• TASK GOAL
The pictures stay out. Please retype every line below exactly.

• RECORDED INFORMATION
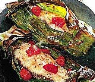 把烤好的魚用新鮮的蕉葉包起來,是百色菜的特色做法。帶著清香的芭蕉葉包裹著用黃薑、香葉、香茅等十幾種香料醃制而成的魚,再用慢火烤炙出別樣風情,口感香辣,滿口留香。
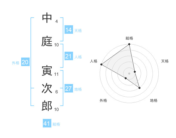 中庭 寅次郎さんを姓名の画数から五運を鑑定
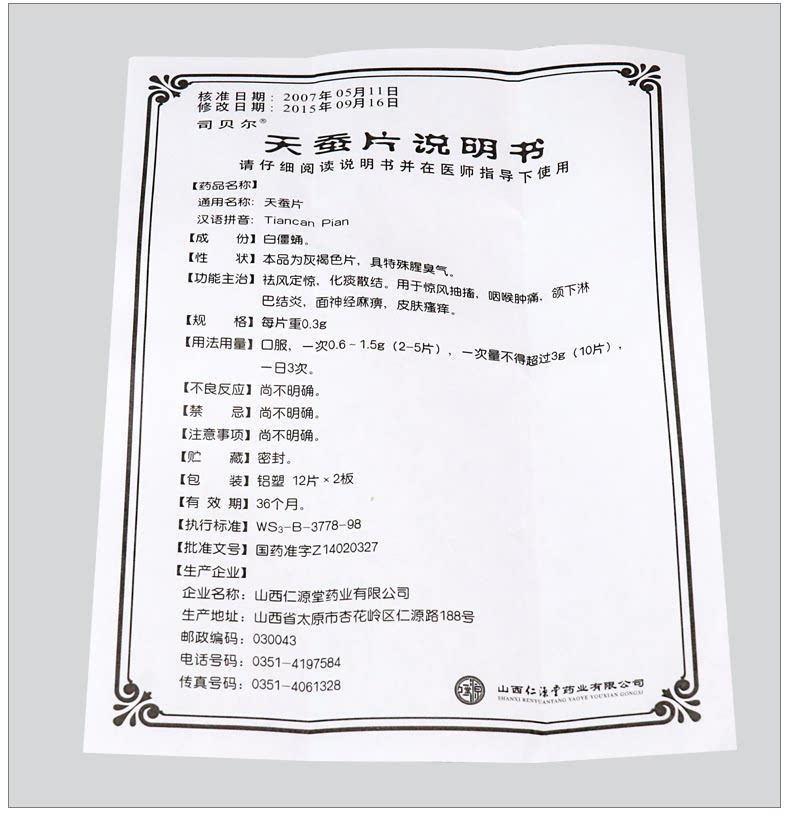 司贝尔 Таблетки шелковика 0,3 г*24 таблетки/коробка подлинное премиование ветра, лечение рассечения мокроты, лечение ветра, судороги, горло, обезболивающее лимфа

• TASK SOLUTION
 把烤好的魚用新鮮的蕉葉包起來,是百色菜的特色做法。帶著清香的芭蕉葉包裹著用黃薑、香葉、香茅等十幾種香料醃制而成的魚,再用慢火烤炙出別樣風情,口感香辣,滿口留香。
 中庭 寅次郎さんを姓名の画数から五運を鑑定
 司贝尔 Таблетки шелковика 0,3 г*24 таблетки/коробка подлинное премиование ветра, лечение рассечения мокроты, лечение ветра, судороги, горло, обезболивающее лимфа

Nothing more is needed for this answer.